The system will capture these images digitally, and have the computer provide real-time feedback on whether a subject is telling the truth. It is hoped that by tracking the faces and hands of an individual, objective behavioral indicators of deception can be isolated, extracted and synthesized - accurately detecting human deception.
(From Blob Analysis Paper [pdf])
"Blob analysis" refers to using computer systems to picture essential elements (hands and faces) and track them. After extracting the hand and face regions
from an image sequence, the system computes elliptical
"blobs" identifying candidates for the face and hands.

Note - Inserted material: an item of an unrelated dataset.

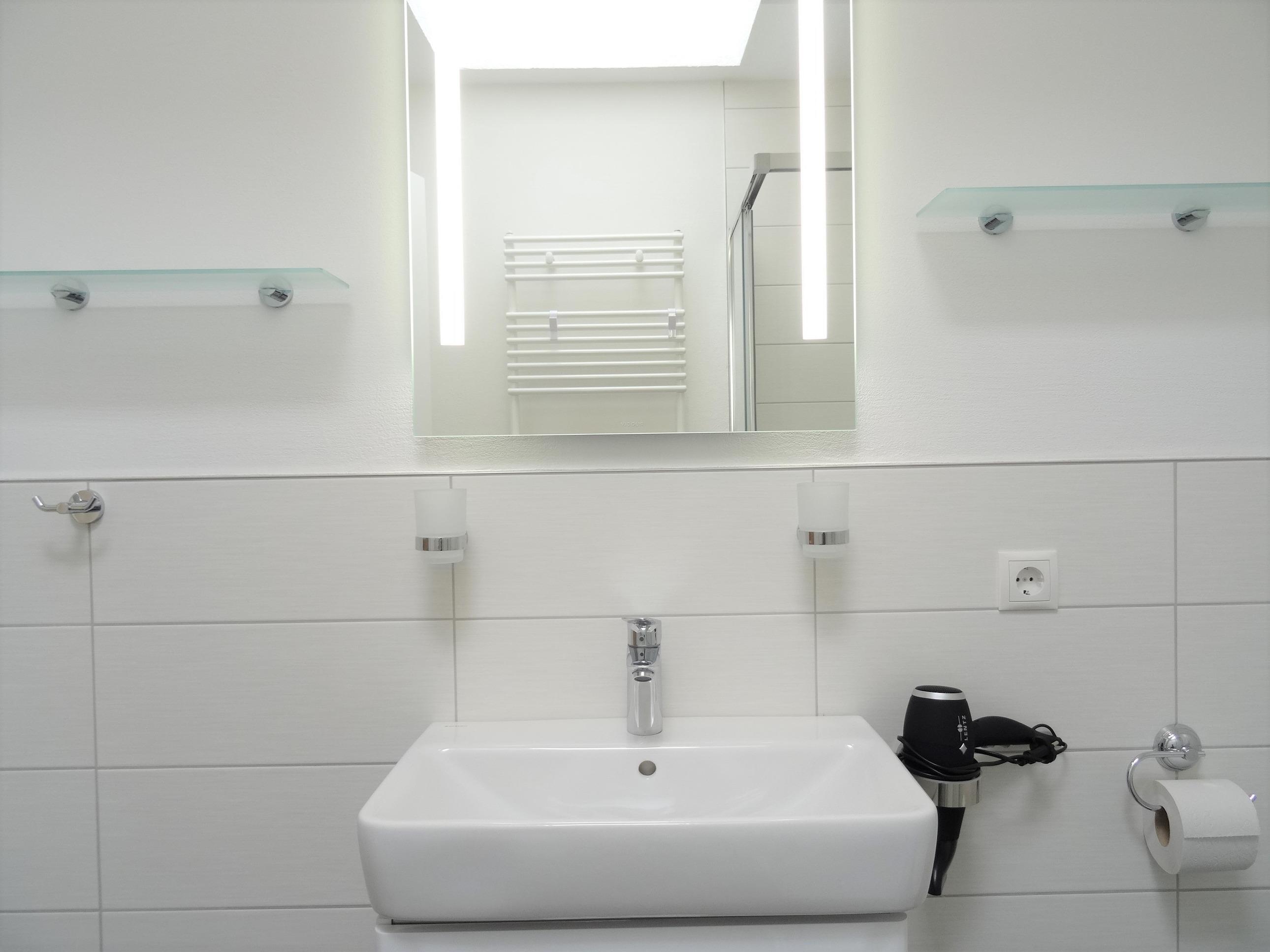 Die Ferienwohnung verfügt über kostenfreies WLAN und die Erstausstattung an Bettwäsche ist inklusive. Das Schlafzimmer mit Verdunklung verfügt über ein Doppelbett, im Wohnzimmer befindet sich zusätzlich eine Doppelschlafcouch. Darüber hinaus verfügt die Ferienwohnung über ein Bad mit Dusche/WC und Föhn. Die voll ausgestattete, offene Küche mit Backofen, Geschirrspüler, Kaffeemaschine, Toaster und Mikrowelle lässt keine Wünsche offen. Ein Fernseher inkl. 3 Sky-Sender rundet die Einrichtung ab.

From the blobs, the left hand, right hand
and face can be continuously tracked throughout a session. From positions and
movements of the hands and face further
inferences about the torso and the relation of each body
part to other people and objects can be made. This allows the
identification of gestures, posture and other body
(From Blob Analysis Paper [pdf])
Two theories guide the development of automated
systems for detecting deception through identifying
agitated and controlled behavior - Interpersonal
Deception Theory (IDT) and Expectancy Violations
Theory (EVT). IDT states that deception is a dynamic
process. Deception is portrayed as a game of moves and
countermoves where the deceiver adjusts the message in
response to the perceived trust or suspicion of the
receiver. EVT is concerned with what nonverbal and verbal behavior patterns are considered normal or expected, what behaviors constitute violations of expectations, and what consequences violations create.
The modern lie detector was invented by Dr. William M. Marston in 1917. The machine was also called a polygraph - literally "many writings", referring to the method of recording several physiological responses at the same time. He also wrote under the pen name Charles Moulton - creating the Wonder Woman comic strip. Wonder Woman, as you may recall, had a magic lasso that caused anyone she caught with it to tell the absolute truth.
Lie detectors entered science fiction as well, in the form of the truth meter from Robert Heinlein's 1954 juvenile classic The Star Beast, and the Veridicator in H. Beam Piper's fine novel Little Fuzzy:
There was a bright conical helmet on his head, and electrodes had been clamped to various portions of his anatomy. On the wall behind him was a circular screen which ought to have been a calm turquoise blue, but which was flickering from dark blue through violet to mauve. That was simple nervous tension and guilt and anger at the humiliation of being subjected to veridicated interrogation.